LaNiO₃ perovskite catalytic precursors synthesized via the hydrothermal method can exhibit different structures and morphologies depending on the synthesis factors, such as soft templates and pH. Depending on the structures and morphologies of the catalytic precursors, their catalytic performance (field, conversion, stability, etc.) in dry reforming of methane (DRM) may change. Thus, this study aimed to synthesize LaNiO₃ catalytic precursors with rod-like morphology by the hydrothermal method without and with soft templates (CTAB and citric acid), varying pH values (9 and 13), to evaluate the best catalytic precursors in DRM. The samples were characterized by energy-dispersive X-ray spectroscopy (EDXRF), X-ray diffraction (XRD), scanning electron microscopy (SEM), N₂ adsorption-desorption analysis, H₂ temperature-programmed reduction (H₂-TPR), and thermogravimetric analyses (TGA/DTG/DTA). After activation, the catalysts' performance was evaluated based on a stability test in DRM for 15 h at 600 °C and with 96 L h⁻¹ g⁻¹ GHSV (gas hourly space velocity). Thus, the results showed that the LaNiO₃ catalytic precursors synthesized without soft template at pH 9 and 13 presented rod-like morphology and were chosen for DRM application.
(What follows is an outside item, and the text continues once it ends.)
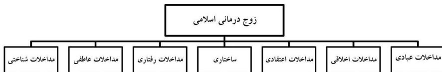
شکل ۲: ساختار مداخلات در زوج‌درمانی اسلامی

و رفتارها بررسی کرد. در الگوی اسلامی دو محور جدید یعنی ساختار خانواده و معنویت به زوج‌درمانی اضافه می‌شود. آموزه‌های اسلامی در سلسله مراتب و مرزها در خانواده با دیدگاه ساخت‌نگر مینوچین هم‌پوشی‌های جالب توجهی دارد (سالاری‌فر، ۱۳۷۹ و ۱۳۸۵). افزون بر این در آسیب‌شناسی روابط زوجین از دیدگاه اسلام، ضعف‌های ساختاری نقش مؤثری دارد. معنویت نیز رکن کلیدی نگاه اسلام به ازدواج و خانواده است (سالاری‌فر، ۱۳۸۵). مداخله‌های معنوی در سه محور اعتقادات، عبادات و اخلاق بررسی می‌شود. شکل ۲ ساختار مداخله‌ها را نشان می‌دهد.

The reducibility test showed that the catalysts synthesized at pH 9 and 13 had a degree of reduction of 69.89 % and 77.18 %, respectively. The stability test showed that the catalyst synthesized at pH 13 had a greater CH₄ and CO₂ conversion and stability than the catalyst synthesized at pH 9, as well as the H₂ and CO yield, and H₂/CO ratio. Its greater stability was assigned to its nanorod-like morphology, which favored a more homogeneous Ni⁰ dispersion after activation stage. Furthermore, the spent catalysts showed whisker-like carbon deposition, in which the catalyst synthesized at pH 13 (90.36 wt%) had a greater amount than the catalyst synthesized at pH 9 (47.67 wt%). Its greater whisker-like carbon deposition was assigned to the lower amount of La₂O₂CO₃ phase formed after DRM.